Skills/Knowledge Required :

  • Advanced degree in health-related field.
  • A minimum of 10 + years of experiences in medical affairs with specific expertise in hematology/oncology as well as, medical affairs, and people management. In addition, 10+ years industry strong knowledge of disease states across Hematology or Solid Tumors and the marketplace.
  • Knowledgeable of competitive products and their application.
  • Strong expertise in the conduct of clinical trials in hematology/oncology.
  • Product lifecycle management experience highly preferred.
  • Good understanding of Medical Affairs and comprehensive understanding of the compliance issues concerning MA function.
  • Creation and management of successful cross-functional and multi-disciplinary teams in changing competitive environment, changing product technology, changing customer needs.
  • Excellent communication and organization skills.
  • Demonstrated customer focus orientation & credibility with customers.
  • Knowledge/application of data sources, reports and tools for the creation of solid plans.
  • Ability to effectively manage teams of peers.
  • Ability to successfully manage a diverse work group, motivate and maximize productivity.
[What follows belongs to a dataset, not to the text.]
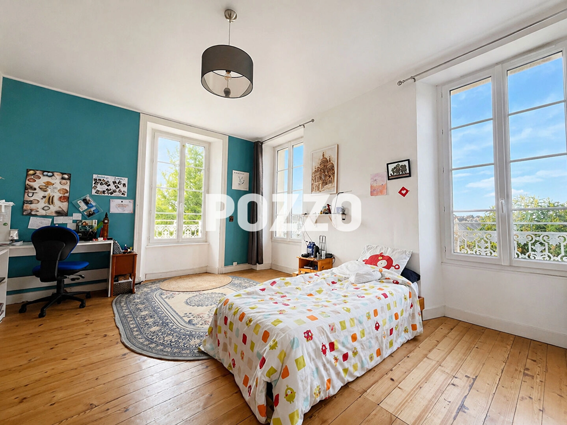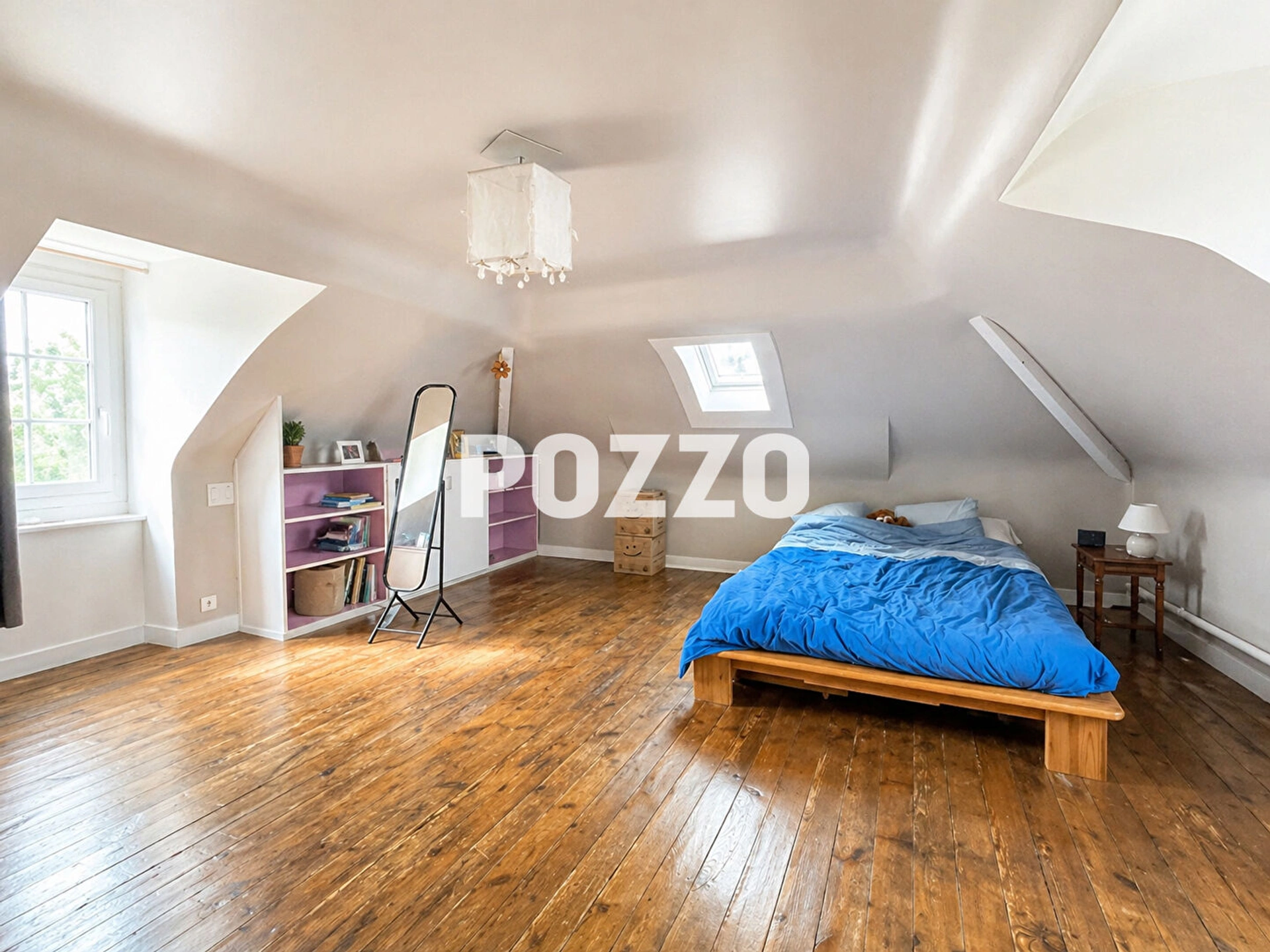 Au deuxième étage, vous retrouvez deux chambres d'environ 15 m² chacune, toutes deux avec point d'eau, ainsi qu'une pièce traversante d'environ 13 m² pouvant faire office de chambre complémentaire, bureau ou espace loisirs, et une pièce annexe d'environ 5 m².

  • Excellent analytical, communication and presentation skills and solid experience in translating medical/clinical information into medical affairs strategies.
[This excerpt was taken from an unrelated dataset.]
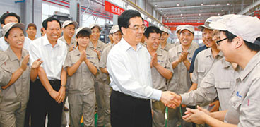 七月九日至十一日,中共中央總書記、國家主席、中央軍委主席胡錦濤在河南省考察工作。這是胡錦濤在洛陽軸承控股有限公司新洛軸工程現(xiàn)場同干部職工親切交談,希望企業(yè)一靠機

  • Possess strong business acumen and financial skills with prior P&L experience or budget experience.
  • Prior experience in an international environment (is a plus).
  • Ability to travel is required

Celgene is committed to equal opportunity in the terms and conditions of employment for all employees and job applicants without regard to race, color, religion, sex, sexual orientation, age, gender identity or gender expression, national origin, disability or veteran status. Celgene complies with all applicable national, state and local laws governing nondiscrimination in employment as well as employment eligibility verification requirements of the Immigration and Nationality Act. All applicants must have authorization to work for Celgene in the U.S.